Why do the changes I make to my task and task environment seem to not take effect?

You are likely using a constant Id for your task environments. If the assemblies in the task environment are resident in a host process, any changes to the task environment with the same identity will not take effect until the host process recycles. Whenever you update your task assemblies, make sure you assign a new Id value.

Failure scenarios

What happens if a task fails or throws an exception?

The host catches all user exceptions a task can throw. The task's status will be set to FAILED and the host process that executed the task will recycle. The host will write the exception reason to the host log.

What happens if the host process dies?

A host process could die for a number of reasons outside of the host's control. Examples include a user killing the host process or the task suddenly exiting from the process. This type of error is identified as a task interruption (INTERRUPTED). The task is retried on another process up to the value specified in MaxTaskInterruptedRetryAttempts. If the task exceeds this count, the task's status will be set to FAILED.
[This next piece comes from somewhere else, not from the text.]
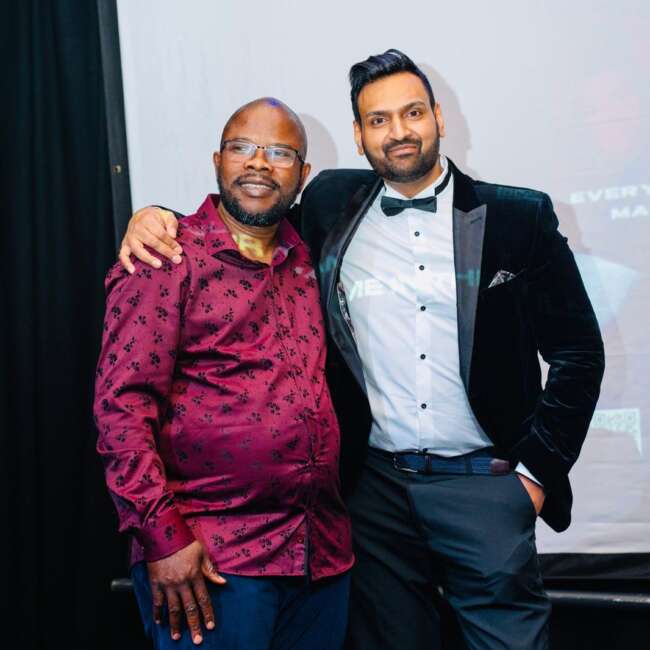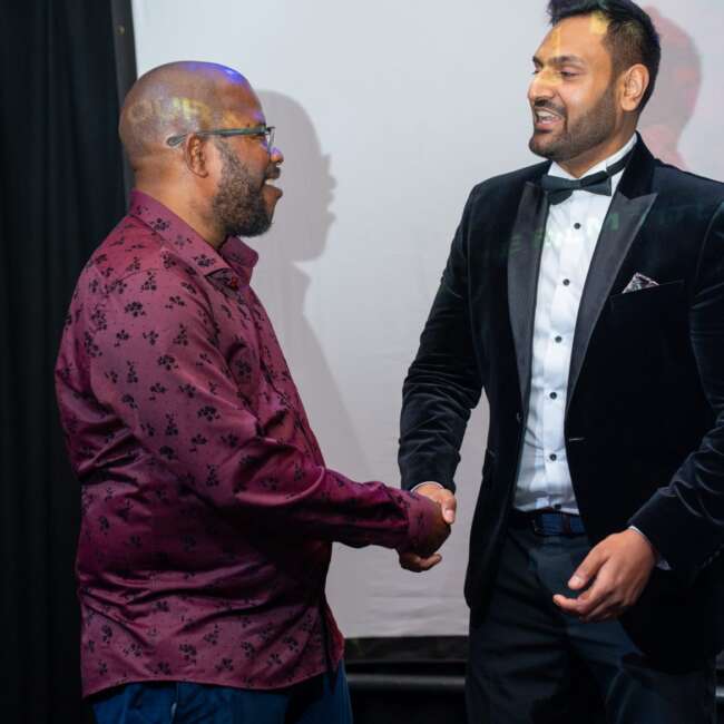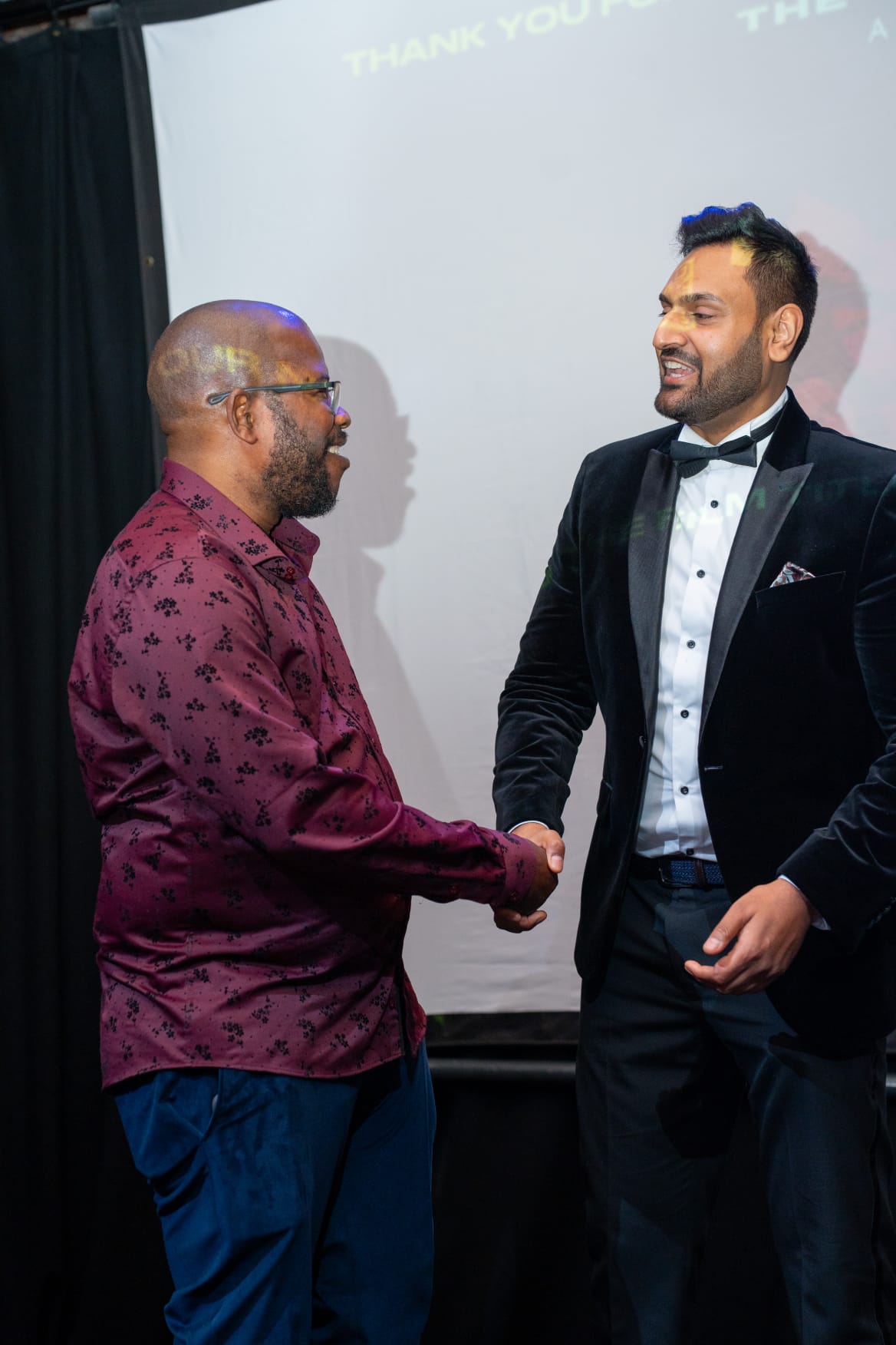 Two hosts engage in an exciting podcast session against the signature Darocam Studio backdrop. The relaxed setup and professional ambiance capture the studio’s versatility — from music production to podcast creation, every voice finds its space here.

What happens when an agent machine dies?

All the tasks of the agent are reassigned to another agent and the tasks are restarted. The agent is removed from the list of available agents. The coordinator identifies an agent as dead if the agent does not respond to an internal signal or "heartbeat" within 30 seconds (configurable).

What happens when the coordinator dies?

All agents connected to the coordinator will detect the coordinator is not running. Any tasks that are assigned to the agent are canceled. The agent then goes into a retry loop, checking periodically whether the coordinator is restarted.

What happens when the client dies before all tasks are done?

The messages sent to the client are simply ignored. By default, the tasks still run until completion. You can choose to cancel tasks once the client disconnects by specifying the CancelOnClientDisconnection option.